The solutions of the Pell-type equation $x^2 - 2 y^2 = 5039$ are $x_n, y_n$ given by the recurrences $x_{n+4} = 6 x_{n+2} - x_n$ with initial values $x_0 = 71, x_1 = 209, x_2 = 217, x_3 = 1183$ and $y_{n+4} = 6 y_{n+2} - y_n$ with initial values $y_0=1,y_1=139,y_2=145,y_3=835$. Both $x_n$ and $y_n$ have lots of prime values. I haven't found any cases where they are both prime for the same $n$ (having tested up to $n=10000$). There are some "near misses", e.g. neither $x_{179}$ nor $y_{179}$ is prime but they have no small factors. Thus there doesn't appear to be any modular reason for solutions not to exist.

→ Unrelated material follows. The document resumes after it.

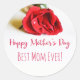Happy Mother's Day Best Mum with a Single Red Rose Classic Round Sticker

Heuristically, since $x_n$ and $y_n$ increase exponentially, each has probability $O(1/n)$ of being prime, so the probability of both being prime is $O(1/n^2)$, and since $\sum_n 1/n^2 < \infty$, we might expect finitely many $n$ with both $x_n$ and $y_n$ prime. So maybe there just happen to be none, but there's no way to actually prove that. Still, I thought I'd put this to MSE in the hope that there's something clever that I'm missing.
EDIT: I might mention that in order for $p^2 - 2 q^2 = r$ to have prime solutions, where $r$ is prime, either $q=2$ or $3$ (so $r + 8$ or $r + 18$ is the square of a prime) or $r \equiv 23 \mod 24$. Of the primes $\equiv 23 \mod 24$ less than $10000$, the only ones for which I haven't found prime solutions are $4079$, $5039$ and $7703$, but I can prove there are no prime solutions for $4079$ and $7703$ (all solutions to $x^2 - 2 y^2 = r$ in those cases have $x$ or $y$ divisible by $5$, $7$ or $11$).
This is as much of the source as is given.